Work item: Would you print the lines below exactly, beginning at the line that has "D.春季宁夏气候干旱,多发生沙尘暴气象灾害" and stopping after the line that has "Veterinární konzerva s"? Only those lines, and no pictures.
══ Data for this exercise ══
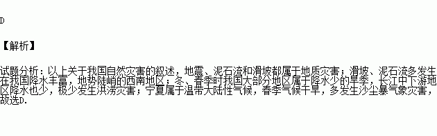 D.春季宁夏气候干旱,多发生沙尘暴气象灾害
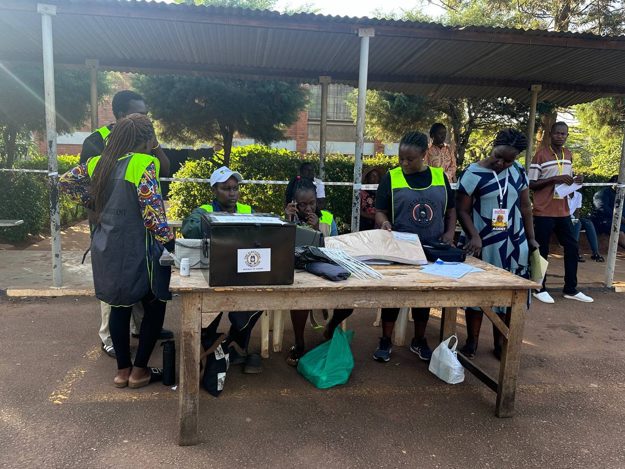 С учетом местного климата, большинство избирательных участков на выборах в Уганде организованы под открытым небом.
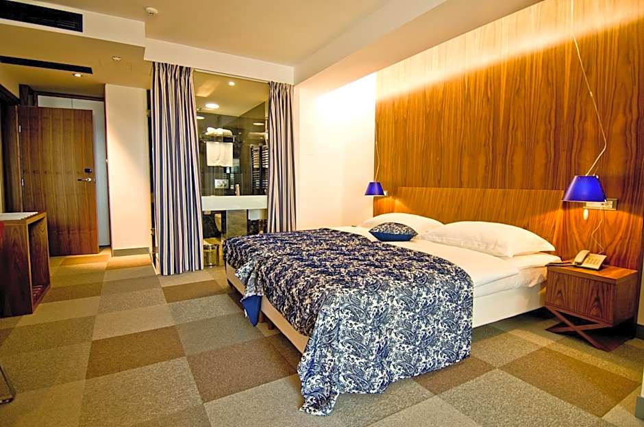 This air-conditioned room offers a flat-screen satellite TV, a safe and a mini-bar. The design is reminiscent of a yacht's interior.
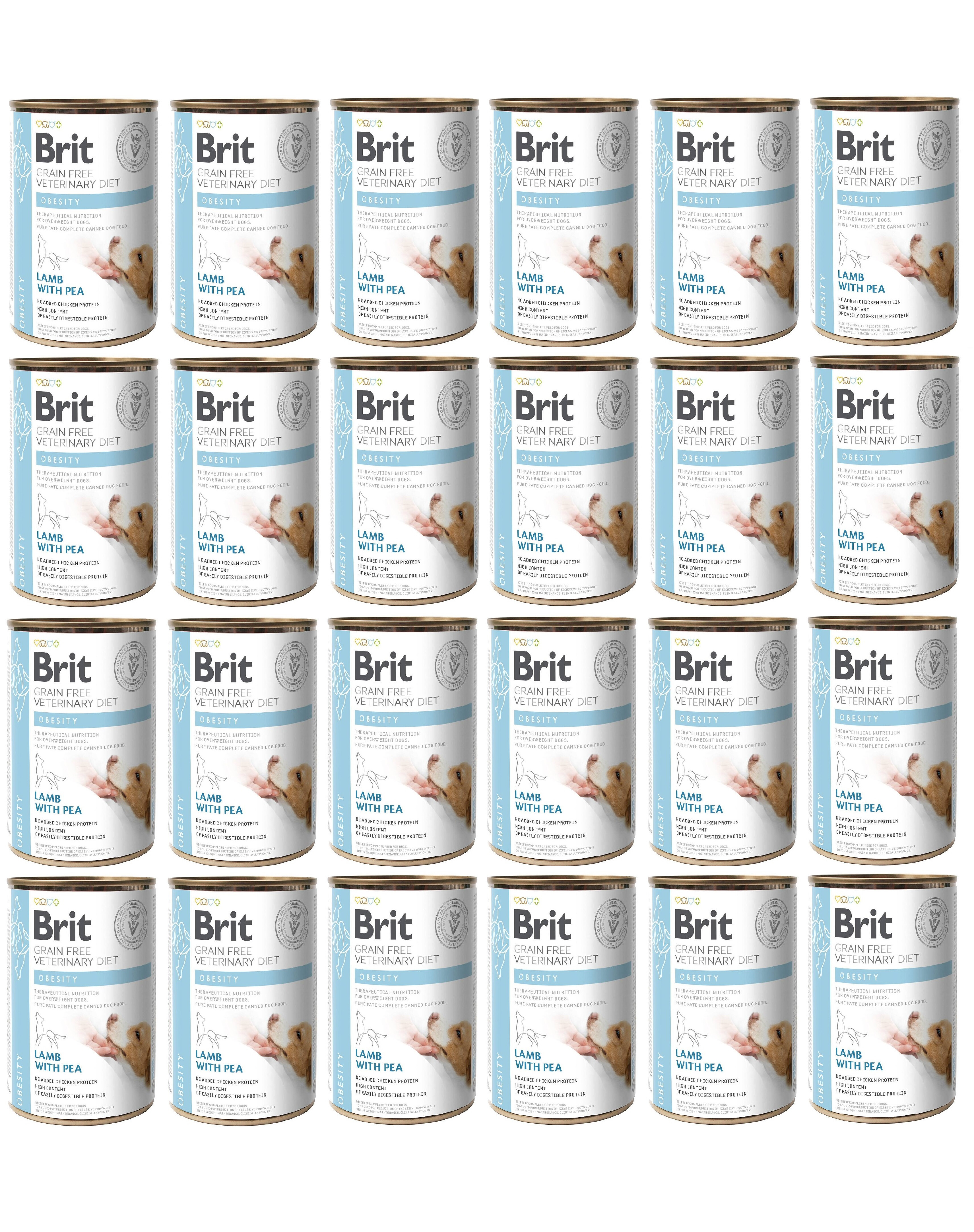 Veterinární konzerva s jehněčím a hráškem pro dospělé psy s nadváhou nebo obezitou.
═══
══ Data for this exercise ══
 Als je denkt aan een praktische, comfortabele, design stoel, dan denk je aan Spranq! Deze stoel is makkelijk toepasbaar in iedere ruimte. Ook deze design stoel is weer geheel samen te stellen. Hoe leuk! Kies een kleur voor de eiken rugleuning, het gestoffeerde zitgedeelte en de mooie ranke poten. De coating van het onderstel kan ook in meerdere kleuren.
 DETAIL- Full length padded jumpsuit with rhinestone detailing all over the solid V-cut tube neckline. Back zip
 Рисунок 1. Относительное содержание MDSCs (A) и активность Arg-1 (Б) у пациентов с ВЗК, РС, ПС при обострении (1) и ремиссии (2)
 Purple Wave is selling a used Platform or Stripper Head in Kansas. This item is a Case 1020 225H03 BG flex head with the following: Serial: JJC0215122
═══
══ Data for this exercise ══
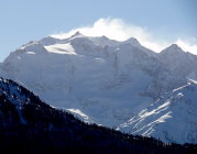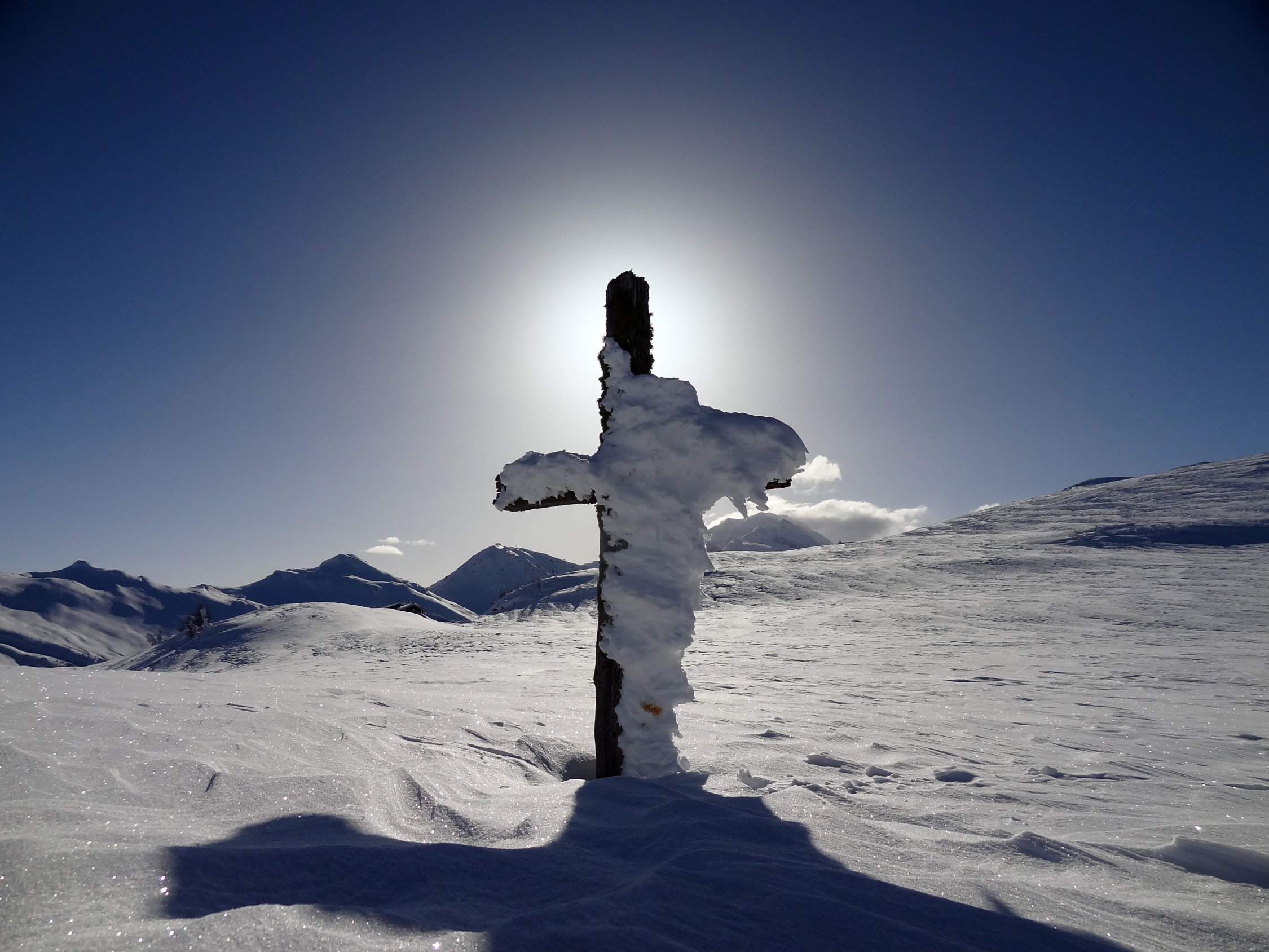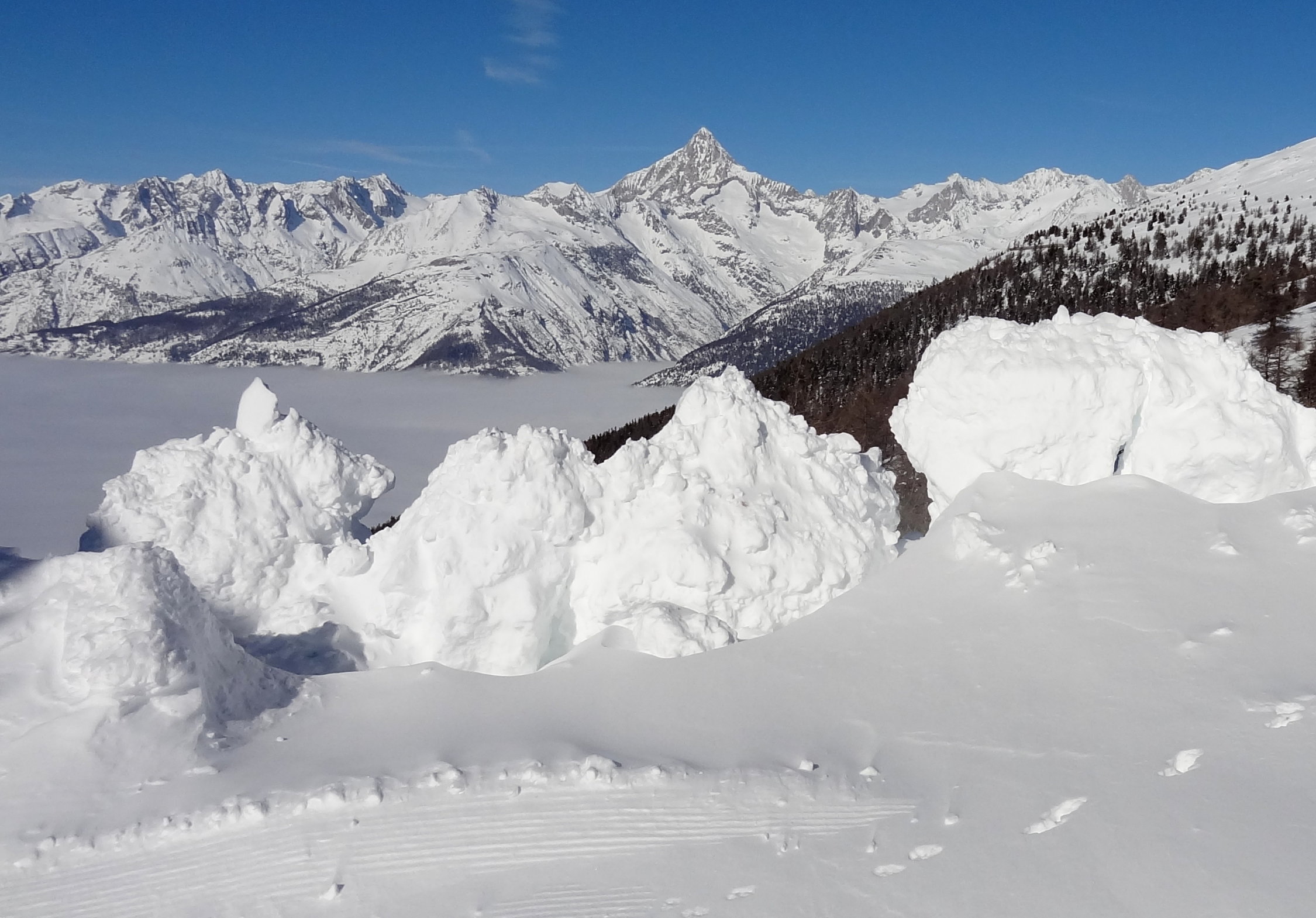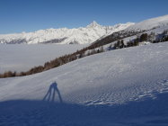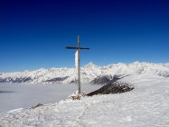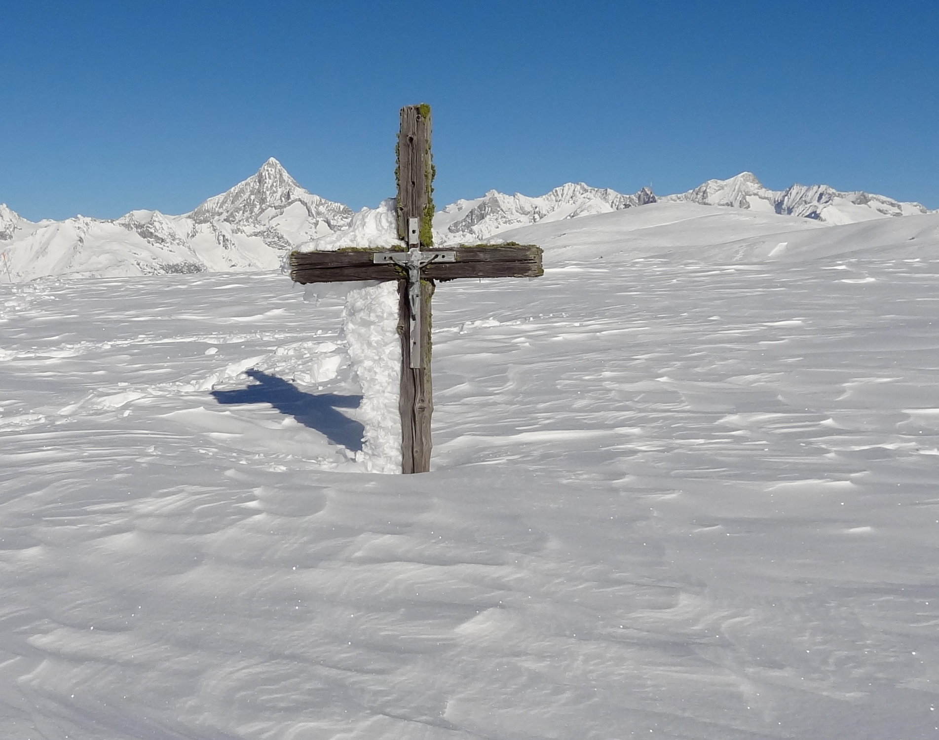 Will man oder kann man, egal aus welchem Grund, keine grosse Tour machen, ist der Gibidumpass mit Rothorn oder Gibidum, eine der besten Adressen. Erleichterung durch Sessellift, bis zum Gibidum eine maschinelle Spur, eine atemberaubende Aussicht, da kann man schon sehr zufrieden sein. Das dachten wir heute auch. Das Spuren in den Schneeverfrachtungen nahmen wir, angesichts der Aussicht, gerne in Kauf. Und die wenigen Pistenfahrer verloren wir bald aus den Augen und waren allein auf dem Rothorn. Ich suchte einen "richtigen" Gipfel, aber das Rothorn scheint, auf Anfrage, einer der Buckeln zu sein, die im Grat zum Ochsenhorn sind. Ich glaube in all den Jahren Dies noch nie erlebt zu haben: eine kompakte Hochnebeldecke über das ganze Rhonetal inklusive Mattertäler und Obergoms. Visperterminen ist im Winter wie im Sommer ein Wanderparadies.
═══
Problem solution:
 D.春季宁夏气候干旱,多发生沙尘暴气象灾害
 С учетом местного климата, большинство избирательных участков на выборах в Уганде организованы под открытым небом.
 This air-conditioned room offers a flat-screen satellite TV, a safe and a mini-bar. The design is reminiscent of a yacht's interior.
 Veterinární konzerva s jehněčím a hráškem pro dospělé psy s nadváhou nebo obezitou.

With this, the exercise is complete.